Острая механическая компрессия нормальной нервной ткани вызывает только онемение, покалывание или паралич; хроническая механическая компрессия нормальной нервной ткани не вызывает никаких признаков из-за сильной устойчивости последней к компрессии. Поэтому от традиционной теории боли, вызванной компрессией нервного корешка, отказались, так как она не соответствует объективной реальности. Все традиционные диагностические критерии так называемой «грыжи поясничного диска» или «шейного спондилеза (кроме спинномозгового типа)» на самом деле являются признаками и симптомами, характерными для внутрипозвоночных или внепозвоночных поражений мягких тканей; они никогда не являются «грыжей поясничного диска». грыжа поясничного диска» или «шейный спондилез».
В прошлом использование таких ошибочных диагностических критериев в качестве основы для лечения «грыжи поясничного диска» или «шейного спондилеза» приводило к неудовлетворительному или совершенно неэффективному лечению. Поэтому необходимо переосмыслить традиционные диагностические критерии «грыжа поясничного диска» или «спондилез шейного отдела». Об этом сообщалось в статье «Новое понимание традиционных диагностических критериев грыжи поясничного диска», опубликованной автором в «Китайском медицинском журнале» (том 61, № 2, с. 114) еще в 1981 году; и теперь, спустя 18 лет непрерывной клинической практики;
Это понимание было подкреплено 18 годами клинической практики. Следует отметить, однако, что в случаях простых поражений мягких тканей поясничного позвоночного канала (т.е. «поясничный стеноз», «стеноз поясничного отдела» и т.д.), вовлекающих нервные корешки, имеются жалобы на сильную пояснично-крестцовую боль, боль в бедре или боль проводимости между поперечной ягодичной линией и сонной ямкой, иногда в сочетании с задней икроножной или Иногда наблюдается сочетание ощущения болтания задней или боковой икры, болезненности и онемения, или покалывания, передающегося на подошвы стоп и пальцы ног, что известно как атипичная проводниковая боль в нижних конечностях (в традиционном понятии сейчас называется «сухая боль» или «кластерная боль»);
Лишь у немногих сохраняется типичная «иррадиирующая боль» по заднелатеральной поверхности бедра и латеральной икре (в традиционном понятии теперь называется «корешковой болью»); а боль в простой пояснице, бедре или пояснице (в сочетании с повреждением мягких тканей корешка бедра) ограничивается экстравертебральным каналом Она может осложняться не только атипичными болями в нижних конечностях, но и типичной «седалищной радикулярной болью», причем частота этой «радикулярной боли» намного превышает частоту вышеописанных поражений внутрипозвоночного канала.

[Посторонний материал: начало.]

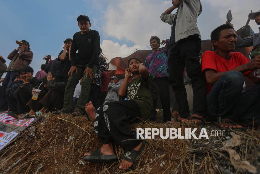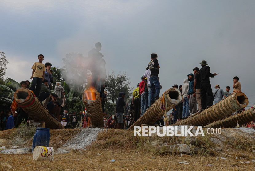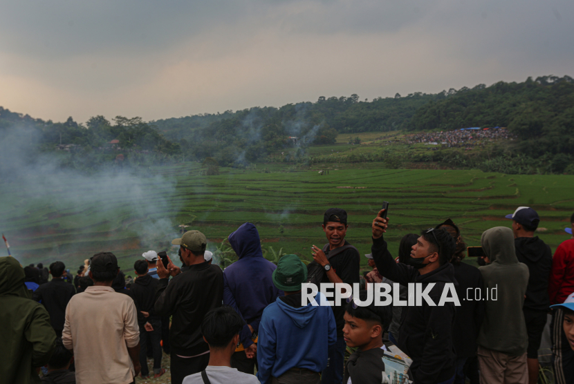 Warga menyaksikan tradisi adu kuluwung atau meriam tradisional di Desa Sukaresmi, Kecamatan Sukamakmur, Kabupaten Bogor, Jawa Barat, Ahad (29/3/2026). Pelaksanaan tradisi adu kuluwung tersebut dilakukan di dua desa, yakni Desa Sukaresmi dengan Desa Sukadamai yang rutin digelar setiap satu pekan usai lebaran Idul Fitri. (FOTO : Republika/Thoudy Badai)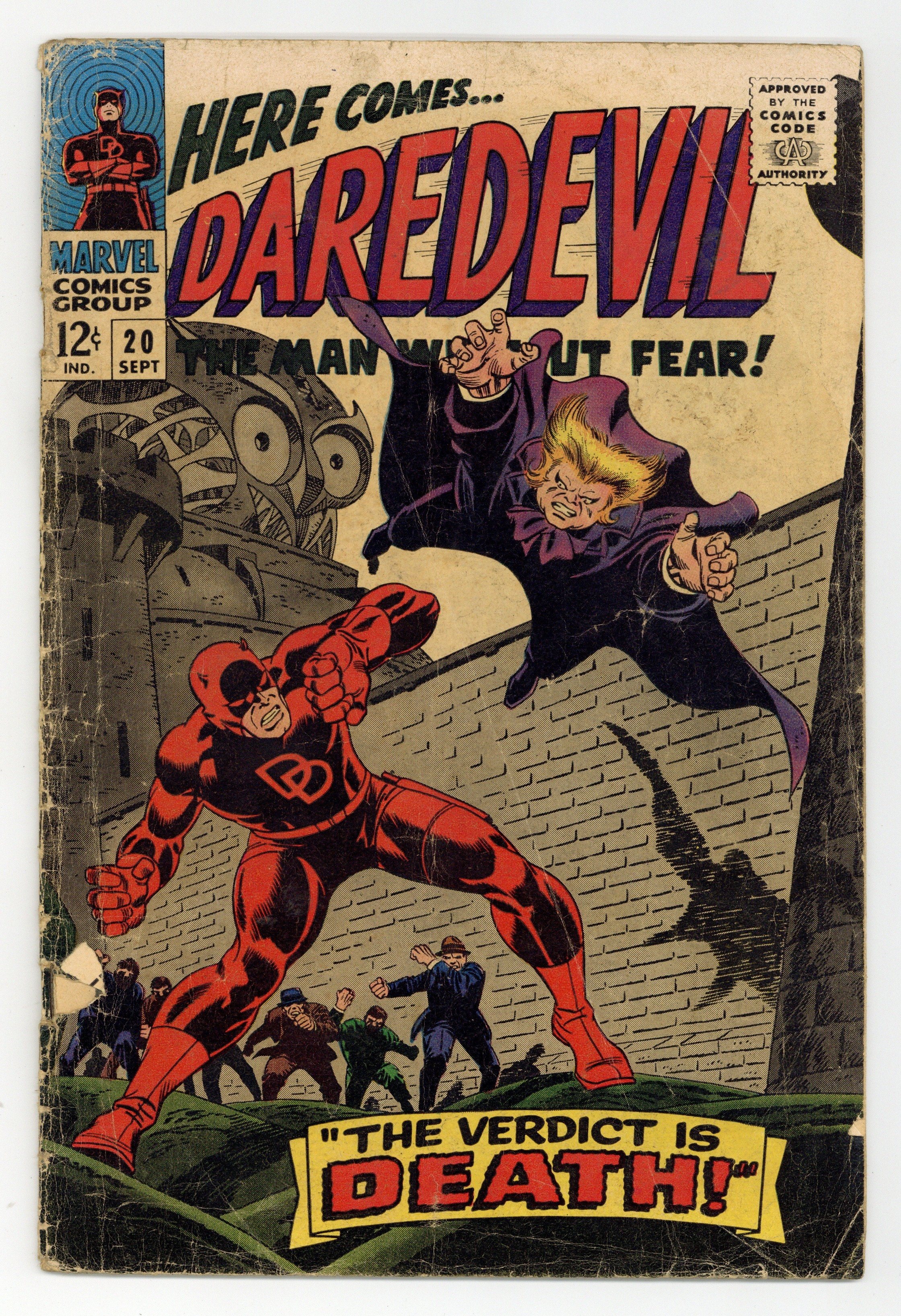 Tags: Marvel Legacy Numbering: Daredevil (part 20), Daredevil$10.50Cover pencils by John Romita, inks by Frank Giacoia. The Owl returns in The Verdict Is: Death!, script by Stan Lee, pencils by Gene Colan (first work on the title), inks by Frank Giacoia; The Owl kidnaps Matt Murdock to be the defense attorney in a mock trial the fowlish fiend has set up for the judge who sent him to prison. Reprinted in Giant-Size Marvel Triple Action #1. 36 pgs. Cover price $0.12. Cover price $0.12.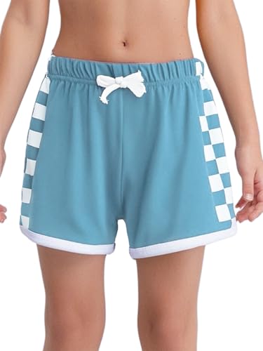 Kids Girls Checkerboard Bowknot Elastic Waistband Plaid Sports Shorts Running Workout Gym Activewear 7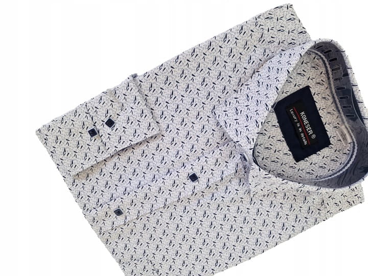 Koszula charakteryzuje się klasycznym krojem, który dobrze leży na każdej sylwetce. Roślinne wzory dodają jej nowoczesnego charakteru, co pozwala na łatwe zestawienie z różnymi elementami garderoby. Koszula pasuje zarówno do spodni chinos, jak i jeansów, co czyni ją wszechstronnym elementem męskiej mody.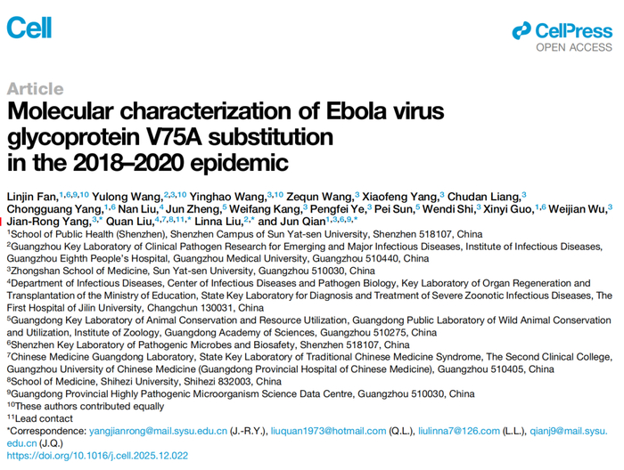 刘全教授团队以及中山大学杨建荣教授团队(范林进、王雨龙、王英豪为论文共同第一作者),在国际顶尖学术期刊 Cell上发表了题为:Molecular characterization of Ebola virus glycoprotein V75A substitution in the 2018–2020 epidemic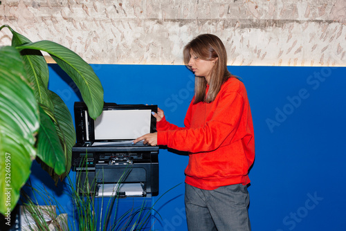 Young Woman Alone At Photocopier making copies at office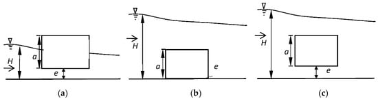 Figure 2b shows the weir flow situation, and Equation (2), , is the discharge formula for weir flow. If the e is very small, and the upstream level H >> e + a; thus, the discharge through the orifice can be approximately neglected and the flow pattern is similar to weir flow.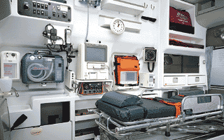 まずは、限られた資金にて「既存の民間救急車」に「救命用医療機器」を車内へ装備。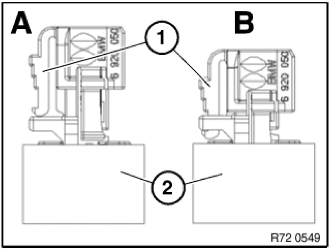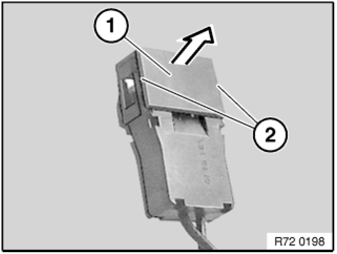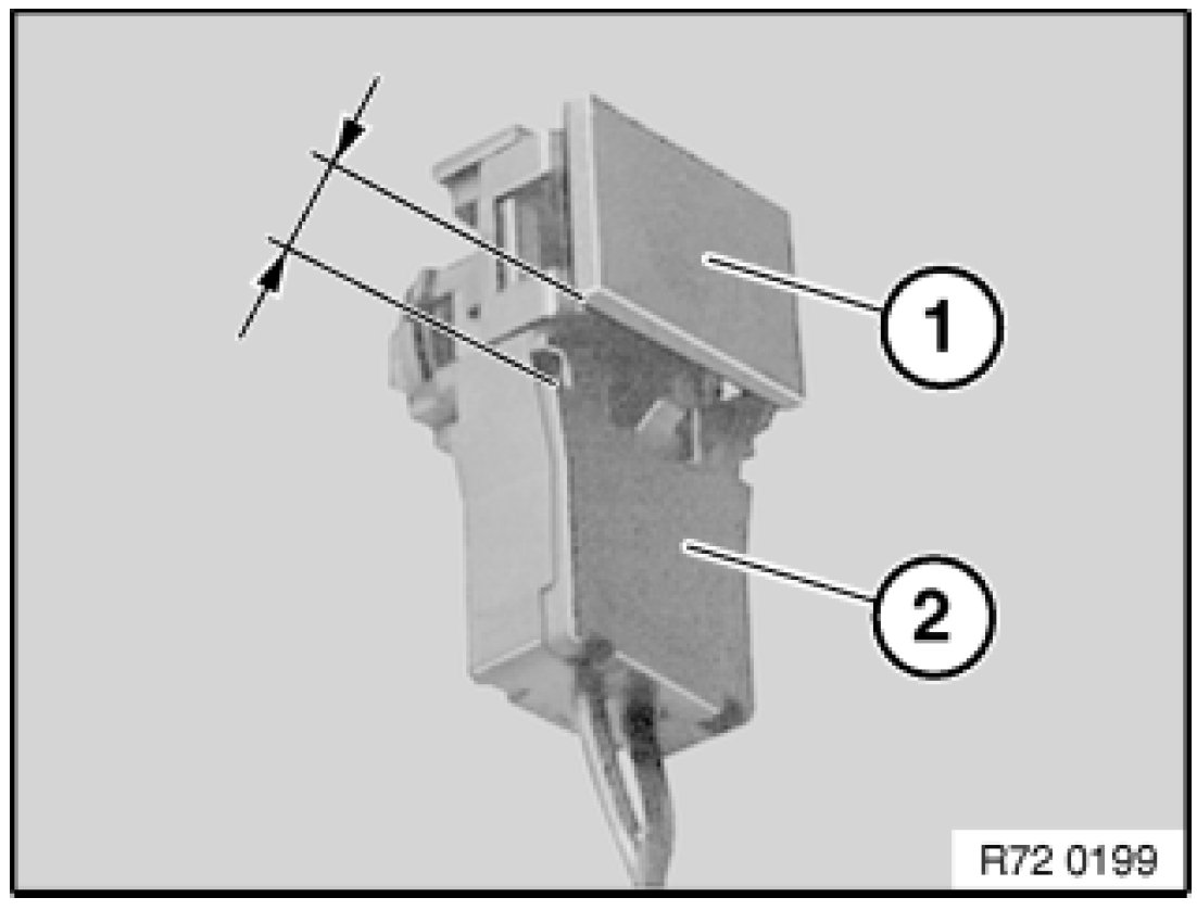 - After attaching airbag plug connection to gas generator/ airbag module, check whether detent lug (2) is visible will the airbag plug connection gas generator/ airbag module be correctly engaged.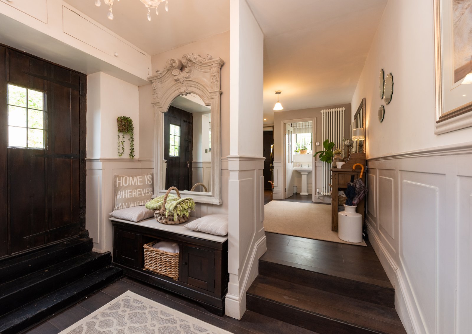 • Original oak framed door leading through to an impressive part panelled reception hall having a tiled floor and exposed beams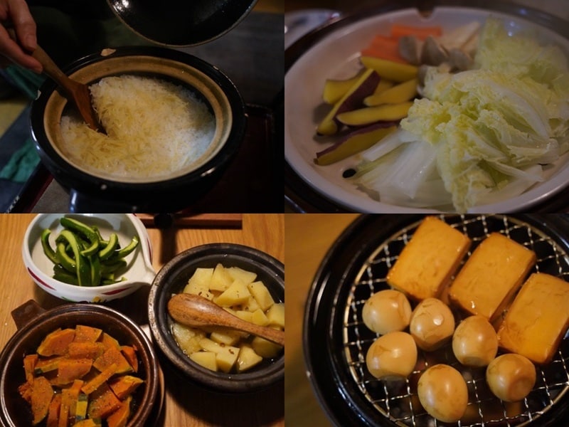 夕食と翌日の朝食は、地元の食材を使った体にやさしい郷土料理が楽しめる。宮川さんの特製手料理だ。宮川さんはとにかく土鍋が大好きで、前菜から始まり最後のデザートまですべて土鍋で調理し、提供される。「食卓はみんなで食べて囲むことが大切で、おいしいところには人が集まる」という言葉を大切にしている。そんな時間を共有するには土鍋がピッタリだという。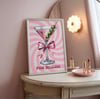 Pour Decisions Martini Art Print – Pink Retro Cocktail Illustration with Bow, Funny Bar Wall Decor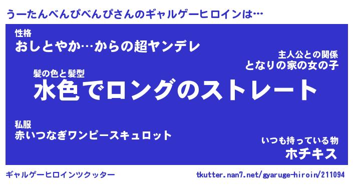 | 女子向けラノベタイトル風あだ名 | 『(仮)うーたんべんぴべんぴのやんごとなき事情』 |

На протяжении более чем полувека классификация болей в нижних конечностях включала «радикулит», «рефлекторный радикулит» и «боль от ущемления». Однако взаимосвязь между этими тремя показателями всегда была неоднозначной и поэтому не очень помогала в уточнении диагноза боли в пояснице.
В настоящее время некоторые люди заменили эти три классификации на «корешковую боль», «сухую боль» и «кластерную боль», преимущество которых заключается лишь в упрощении и сжатии старой терминологии. Его преимущество заключается лишь в упрощении и конденсации старых терминов, но без каких-либо качественных изменений он все равно не способствует инновации диагностических критериев, как это делали старые термины. Поэтому крайне важно предпринять усилия по изучению диагностических критериев этого заболевания в клинической практике для дальнейшего улучшения качества медицинской помощи.
1, для различения поражений внутри и вне поясничного позвоночного канала используются тест на сколиоз, тест на разгибание и сгибание поясничного отдела позвоночника в положении лежа (так называемый тест с грудной и брюшной подушкой) и тест на прощупывание большеберцового нерва (эти три теста называются «три теста» для поясничного отдела позвоночника). Общие положительные признаки характерны для поражения мягких тканей поясничного позвоночного канала (вовлечение нервного корешка) и поэтому являются решающими в дифференциальной диагностике. Автор описывает новые диагностические критерии поясничной боли следующим образом.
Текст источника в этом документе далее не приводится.